Eigenvectors represent directions that remain unchanged (except for scaling) when the transformation represented by matrix $A$ is applied. Let's visualize this for our matrix A. We'll transform a standard basis vector $e_1 = [1, 0]$ and compare its transformation with that of the first eigenvector $v_1$.

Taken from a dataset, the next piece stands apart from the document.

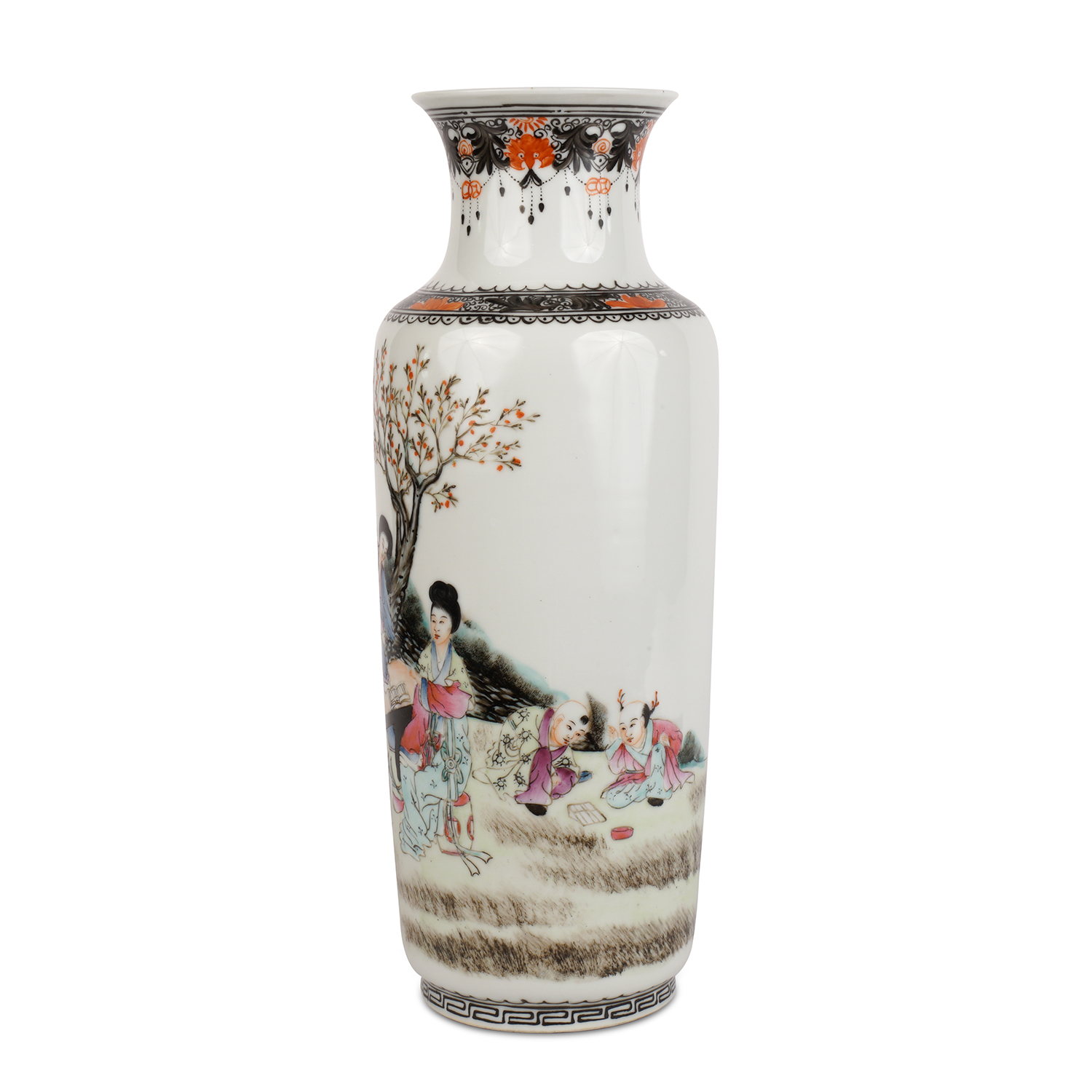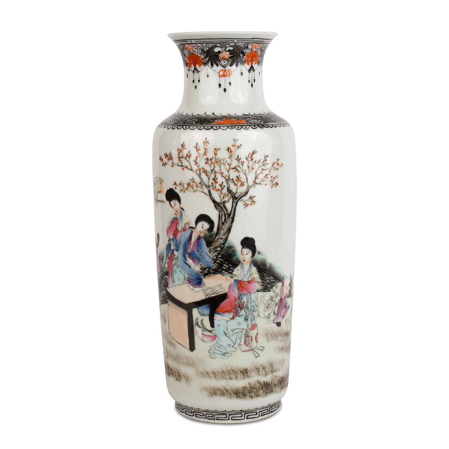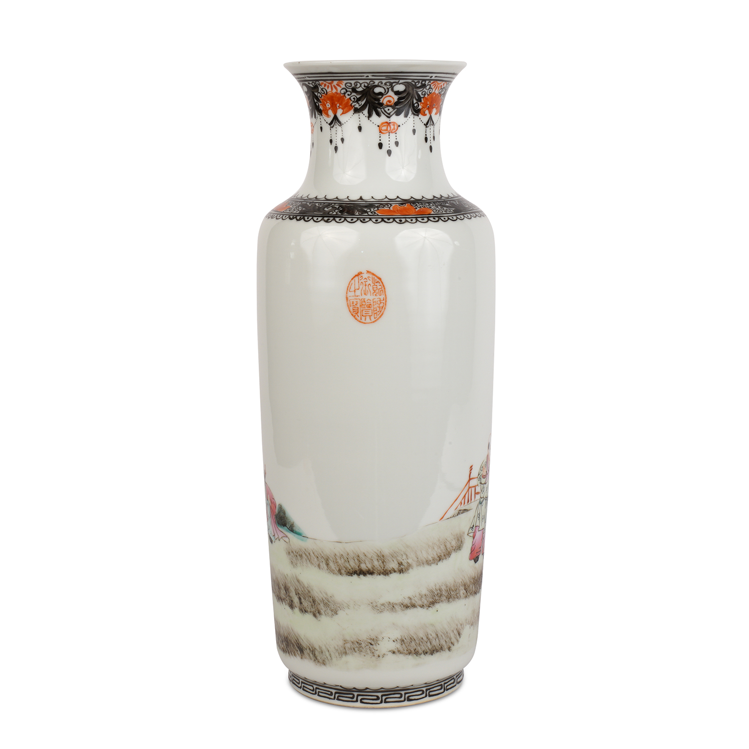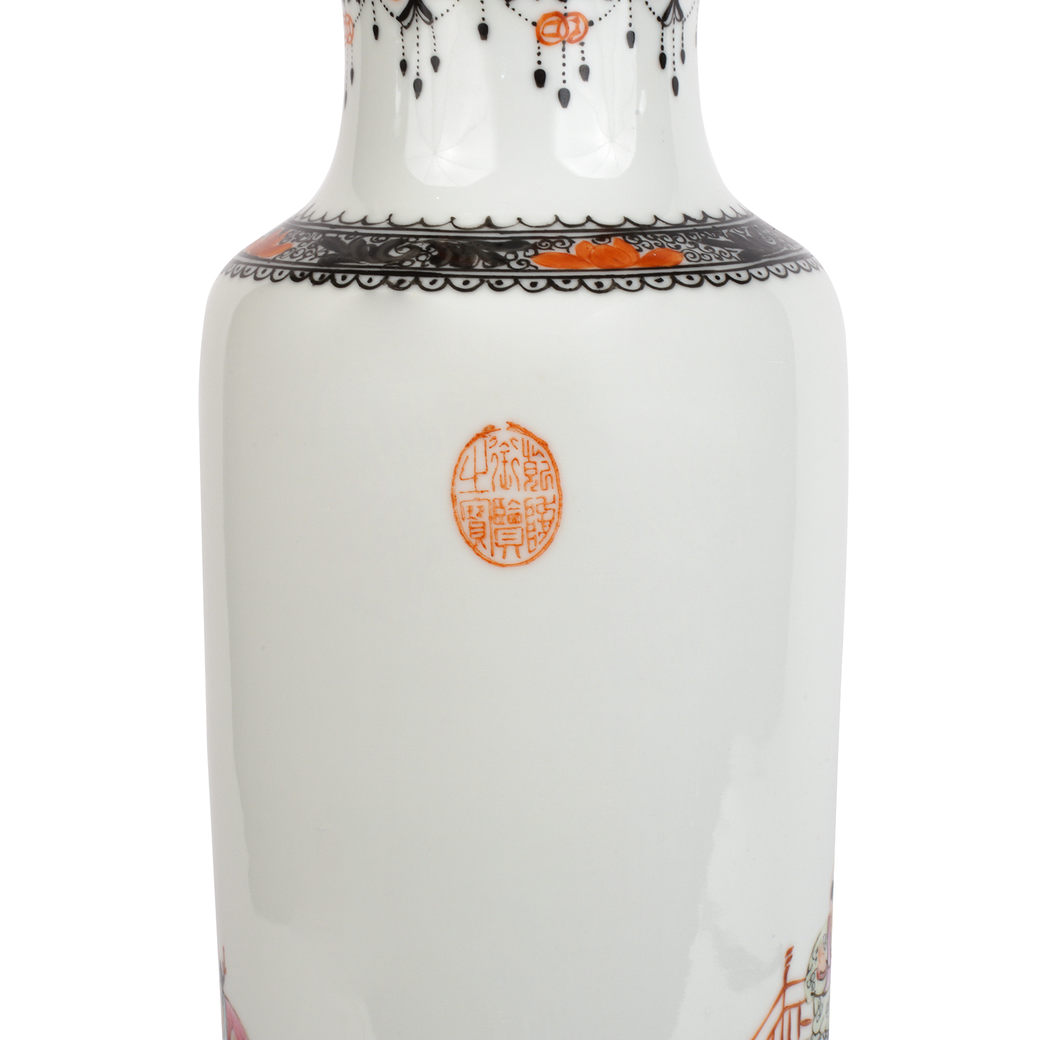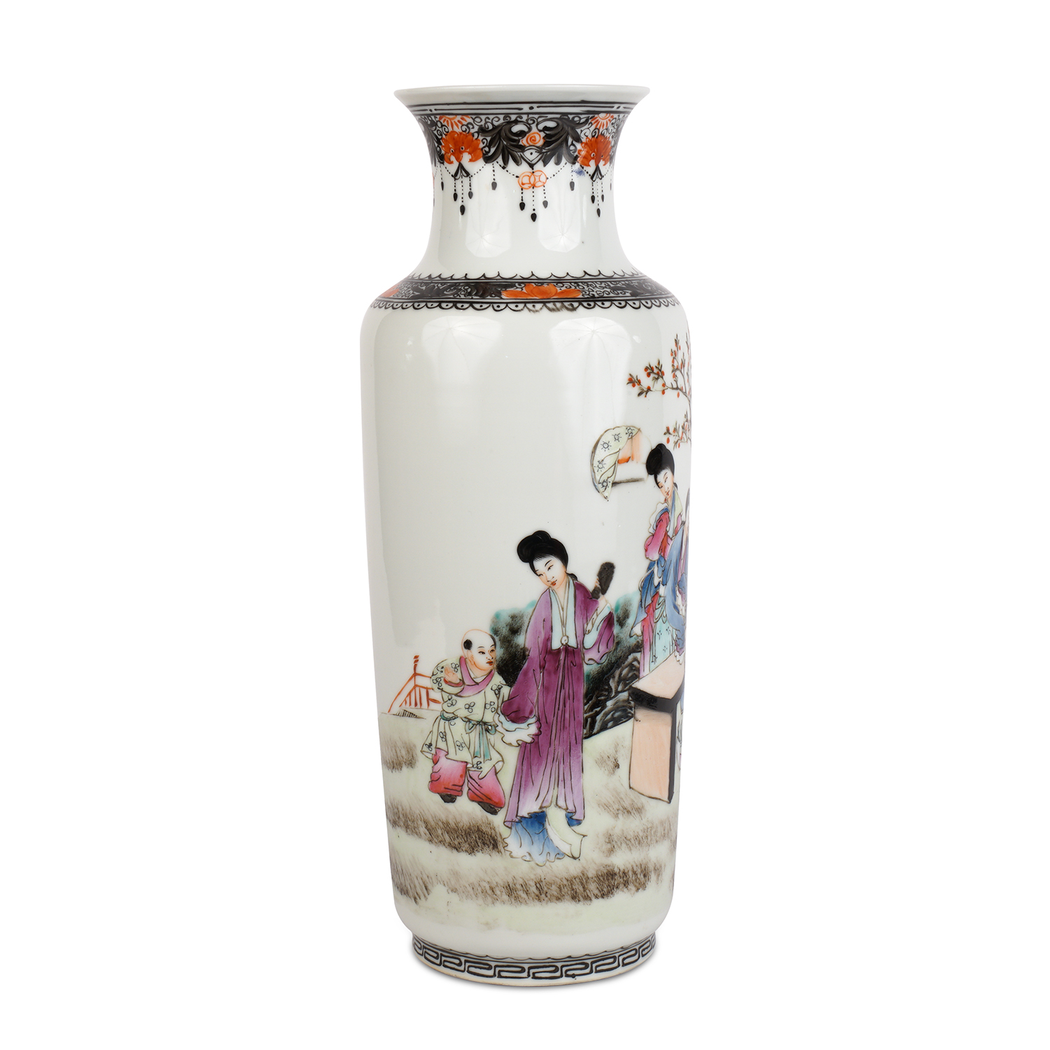 Фарфор, надглазурная полихромная роспись, на дне вазы красное надглазурное клеймо-печать Цяньлун Нянь Чжи. Китай, 1940-1950-е гг., высота - 35 см, диаметр горлышка - 40 см.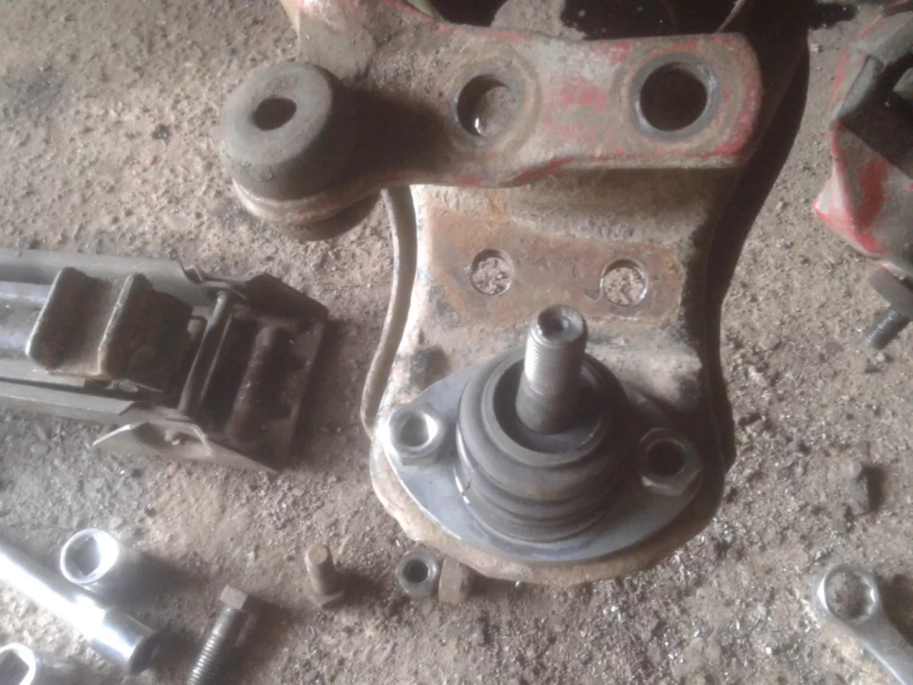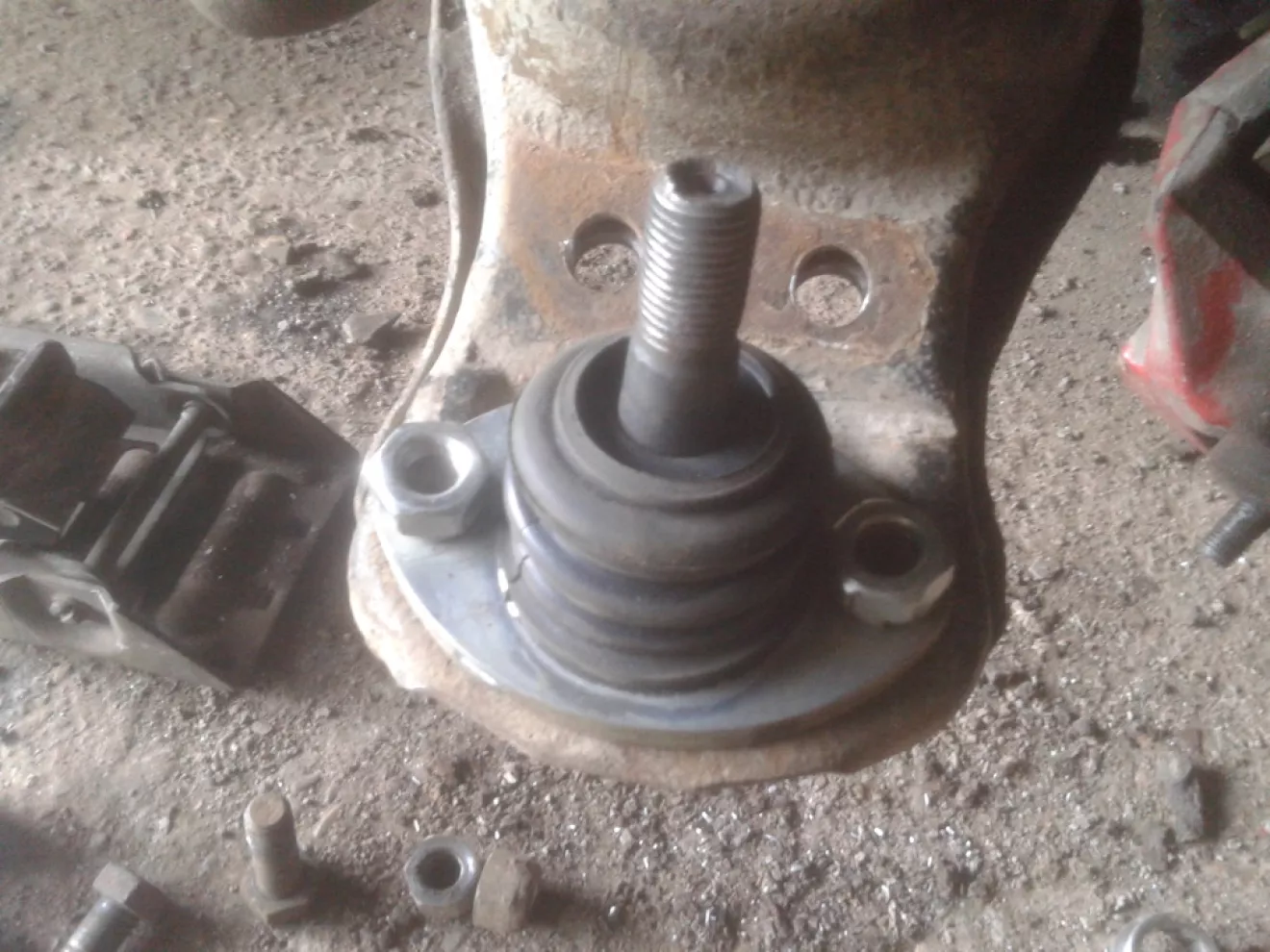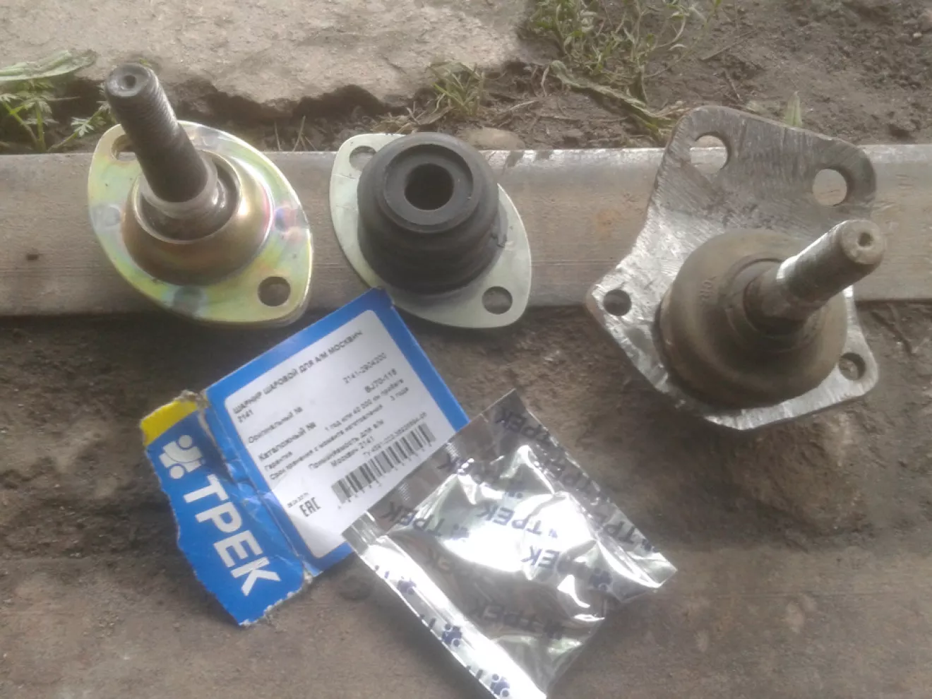 Вычитал, что можно поставить на тау вниз шаровую с Москвича 2141. Решил попробую и на своей, с чем чёрт не шутит))). Конус шаровых подходит, но под гайку просится шайба. Расстояние между отверстиями шаровой немного не сходятся, но я сверлом на 10,5 мм все исправил. Видел в интернете фото такого процесса — кто просто ставит на 2 болта, кто усиливает. Вообщем, Я сделал так => у родной шаровой срезал верх, снял палец шаровой с куском её же. Вытрусил сухарики и сделал посадочное место под шаровую 2141 старым остаточным зачистным кругом для болгарки. => Примерял шаровую 2141 к таунусовой, розсверлил отверстия и соответсвенно поставил болты на 10мм. диаметром. Смазал все и скрутил. Сегодня удалось с обеда поменять все 4 шаровых, резинки реактивных тяг, все втулки стабилизатора и тяг стабилизатора. Фото процесса по шаровой прилагаю. Удачных Вам Всем ремонтов и желательно, чтобы редких и мелких ))).

# Define standard basis vector e1 and the first eigenvector v1
e1 = np.array([1, 0])
# v1 is already defined from previous steps

# Apply the transformation A
Ae1 = A @ e1
Av1 = A @ v1 # This should be lambda_1 * v1

# Prepare data for plotting
origin = np.array([[0, 0], [0, 0], [0, 0], [0, 0]]) # origins for arrows
vectors = np.array([e1, Ae1, v_1, Av1]) # vectors

The plot shows the original vectors (solid lines) and their transformations by matrix A (dashed lines). The blue vector $e_1$ is rotated and scaled. The red vector $v_1$ (an eigenvector) is only scaled along its original direction by a factor equal to its eigenvalue ($\lambda_1 \approx 5$). Its transformed version $A v_1$ lies on the same line.

Important Notes

• Numerical Stability: Direct calculation of $P^{-1}$ can sometimes be numerically unstable, especially for large matrices or matrices that are close to singular (non-invertible). Methods like SVD (covered in the next chapter) are often preferred in practice for related tasks.
• Non-Diagonalizable Matrices: Not all square matrices can be decomposed as $PDP^{-1}$. This occurs if the matrix does not have a full set of linearly independent eigenvectors. NumPy's np.linalg.eig might still compute eigenvalues and vectors, but $P$ would be singular (non-invertible). Symmetric matrices, however, are always diagonalizable.
• Complex Eigenvalues/Eigenvectors: If the matrix A is not symmetric, it might have complex eigenvalues and eigenvectors. np.linalg.eig handles this correctly, returning arrays with complex data types if necessary.

This practical exercise demonstrates how NumPy simplifies the calculation of eigenvalues, eigenvectors, and the verification of eigen-decomposition. Understanding these computations is important for grasping how algorithms like PCA leverage the inherent structure of data revealed by these special vectors and scalars.